Re: [Numpy-discussion] [Suggestion] Labelled Array

2016-02-13 Thread Allan Haldane
Sorry, to reply to myself here, but looking at it with fresh eyes maybe 
the performance of the naive version isn't too bad. Here's a comparison 
of the naive vs a better implementation:


def split_classes_naive(c, v):
return [v[c == u] for u in unique(c)]

def split_classes(c, v):
perm = c.argsort()
csrt = c[perm]
div = where(csrt[1:] != csrt[:-1])[0] + 1
return [v[x] for x in split(perm, div)]

>>> c = randint(0,32,size=10)
>>> v = arange(10)
>>> %timeit split_classes_naive(c,v)
100 loops, best of 3: 8.4 ms per loop
>>> %timeit split_classes(c,v)
100 loops, best of 3: 4.79 ms per loop

In any case, maybe it is useful to Sergio or others.

Allan

On 02/13/2016 12:11 PM, Allan Haldane wrote:

I've had a pretty similar idea for a new indexing function
'split_classes' which would help in your case, which essentially does

 def split_classes(c, v):
 return [v[c == u] for u in unique(c)]

Your example could be coded as

 >>> [sum(c) for c in split_classes(label, data)]
 [9, 12, 15]

I feel I've come across the need for such a function often enough that
it might be generally useful to people as part of numpy. The
implementation of split_classes above has pretty poor performance
because it creates many temporary boolean arrays, so my plan for a PR
was to have a speedy version of it that uses a single pass through v.
(I often wanted to use this function on large datasets).

If anyone has any comments on the idea (good idea. bad idea?) I'd love
to hear.

I have some further notes and examples here:
https://gist.github.com/ahaldane/1e673d2fe6ffe0be4f21

Allan

On 02/12/2016 09:40 AM, Sérgio wrote:

Hello,

This is my first e-mail, I will try to make the idea simple.

Similar to masked array it would be interesting to use a label array to
guide operations.

Ex.:
 >>> x
labelled_array(data =
  [[0 1 2]
  [3 4 5]
  [6 7 8]],
 label =
  [[0 1 2]
  [0 1 2]
  [0 1 2]])

 >>> sum(x)
array([9, 12, 15])

The operations would create a new axis for label indexing.

You could think of it as a collection of masks, one for each label.
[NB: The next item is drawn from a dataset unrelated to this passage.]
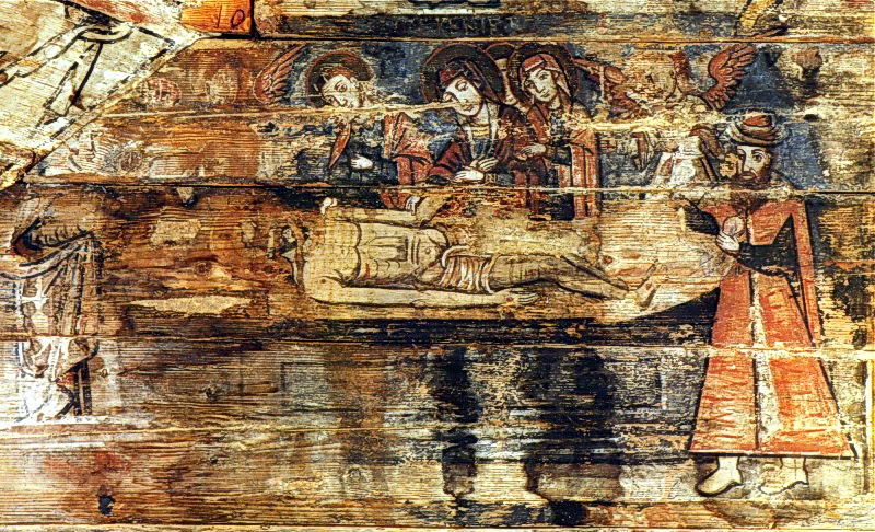 Стефан Дзенгалович. Покладення до гробу. Розпис північної стіни нави (фрагмент циклу страстей Христових). Біля 1682 р.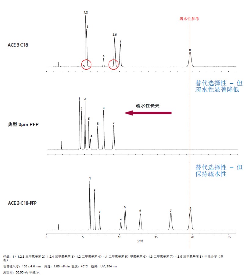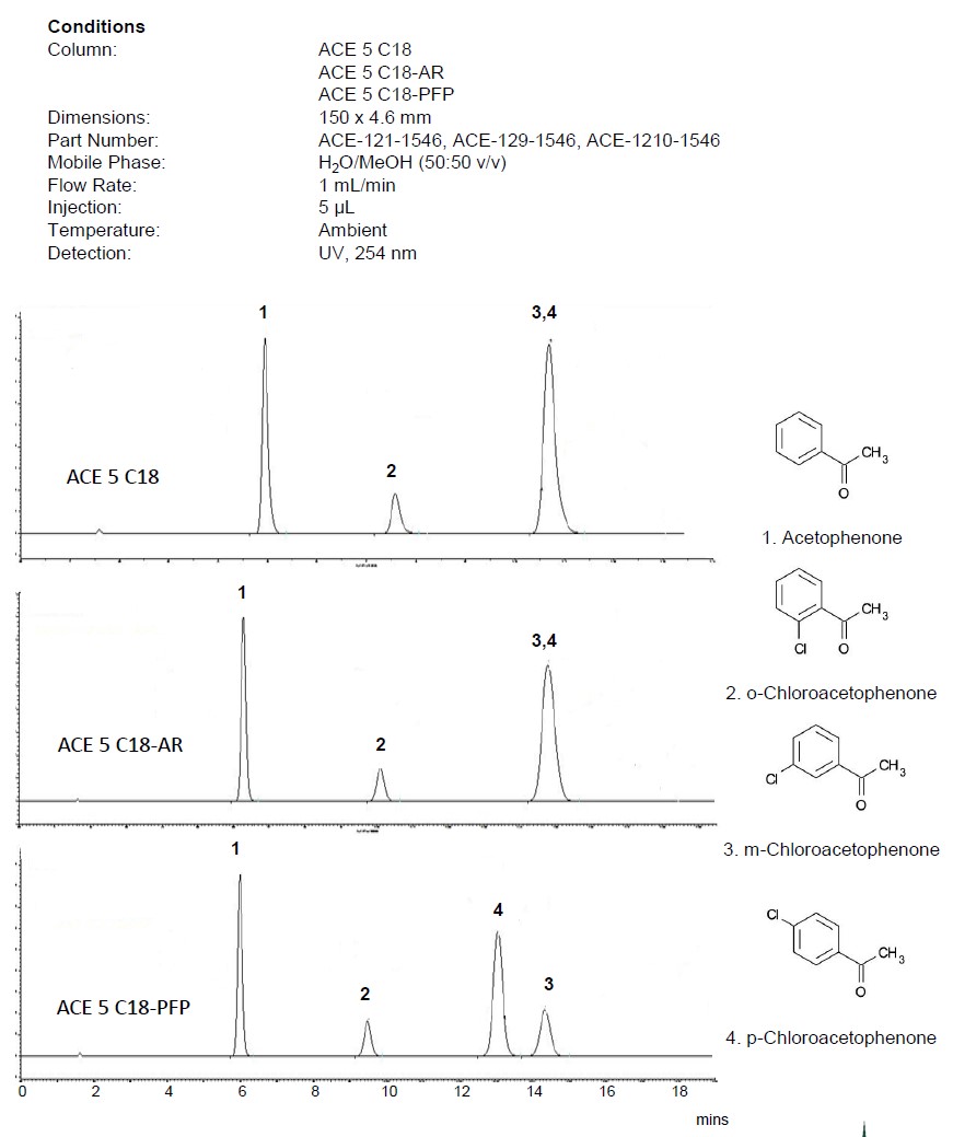 所以,ACE C18-PFP常被用于涉及鹵代芳香族化合物、位置異構體和具有不同形狀約束的分析物的分離。

I don't know a way to make something like this efficiently without a
loop. Just wondering...

Sérgio.


___
NumPy-Discussion mailing list
NumPy-Discussion@scipy.org
https://mail.scipy.org/mailman/listinfo/numpy-discussion





___
NumPy-Discussion mailing list
NumPy-Discussion@scipy.org
https://mail.scipy.org/mailman/listinfo/numpy-discussion


Re: [Numpy-discussion] [Suggestion] Labelled Array

2016-02-13 Thread Nathaniel Smith
I believe this is basically a groupby, which is one of pandas's core
competencies... even if numpy were to add some utilities for this kind of
thing, then I doubt we'd do as well as them, so you might check whether
pandas works for you first :-)
On Feb 12, 2016 6:40 AM, "Sérgio"  wrote:

> Hello,
>
> This is my first e-mail, I will try to make the idea simple.
>
> Similar to masked array it would be interesting to use a label array to
> guide operations.
>
> Ex.:
> >>> x
> labelled_array(data =
>  [[0 1 2]
>  [3 4 5]
>  [6 7 8]],
> label =
>  [[0 1 2]
>  [0 1 2]
>  [0 1 2]])
>
> >>> sum(x)
> array([9, 12, 15])
>
> The operations would create a new axis for label indexing.
>
> You could think of it as a collection of masks, one for each label.
>
> I don't know a way to make something like this efficiently without a loop.
> Just wondering...
>
> Sérgio.
>
> ___
> NumPy-Discussion mailing list
> NumPy-Discussion@scipy.org
> https://mail.scipy.org/mailman/listinfo/numpy-discussion
>
>
___
NumPy-Discussion mailing list
NumPy-Discussion@scipy.org
https://mail.scipy.org/mailman/listinfo/numpy-discussion


Re: [Numpy-discussion] [Suggestion] Labelled Array

2016-02-13 Thread josef.pktd
On Sat, Feb 13, 2016 at 1:01 PM, Allan Haldane 
wrote:

> Sorry, to reply to myself here, but looking at it with fresh eyes maybe
> the performance of the naive version isn't too bad. Here's a comparison of
> the naive vs a better implementation:
>
> def split_classes_naive(c, v):
> return [v[c == u] for u in unique(c)]
>
> def split_classes(c, v):
> perm = c.argsort()
> csrt = c[perm]
> div = where(csrt[1:] != csrt[:-1])[0] + 1
> return [v[x] for x in split(perm, div)]
>
> >>> c = randint(0,32,size=10)
> >>> v = arange(10)
> >>> %timeit split_classes_naive(c,v)
> 100 loops, best of 3: 8.4 ms per loop
> >>> %timeit split_classes(c,v)
> 100 loops, best of 3: 4.79 ms per loop
>

The usecases I recently started to target for similar things is 1 Million
or more rows and 1 uniques in the labels.
The second version should be faster for large number of uniques, I guess.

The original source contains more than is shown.